As clubby and insidery as Werewolf may seem, the FooCamp players last weekend were actively seeking new recruits. In fact, James Cox said, they can make it much more exciting. "(Newbies are) really unpredictable, so they can really change the way the game works," Cox said. "You can't pick who they are and what they do...when you play with the same people for a long time, you get to know them really well and can predict werewolves."

But from the sidelines, the casual onlooker might wonder if the popularity of Werewolf is actually a glimpse at a thread of treachery running through Silicon Valley's hyper-competitive culture, particularly at an event like FooCamp where cooperation and idea-swapping rule the daylight hours.

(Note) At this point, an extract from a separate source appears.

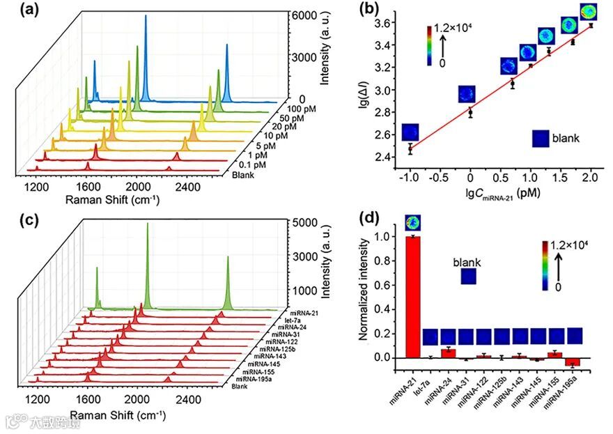 图2. 对miRNA-21的检测结果和分析性能。(a, b)不同浓度miRNA-21产生的响应信号及对应的校准曲线;(c, d)特异性验证;(b)和(d)中的内嵌图为单微球SERS成像图。
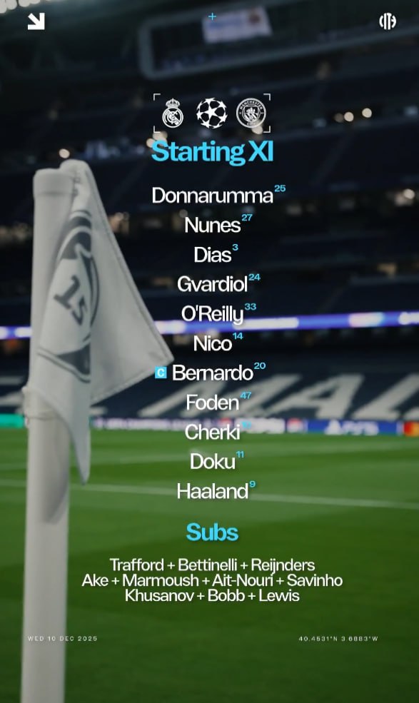 «Ռեալ Մադրիդ» – «Մանչեսթեր Սիթի». մեկնարկային կազմեր, ուղիղ եթեր 📸

"When ethical considerations are put on hold, you see how people perform in that sense...it's tempting to assign meaning to that," Area/Code's Kevin Slavin said. "I have seen some people lie so convincingly that it's tempting to assign meaning to that with regards to their actual character, and I think that it would be a classic mistake, and it may be in fact the very fact that this has no consequences that allows them to lie so persuasively."

"If it actually lined up one to one in terms of how one played Werewolf and how their interactions played out in the real world," Slavin continued, "we'd end up with some very scary conclusions."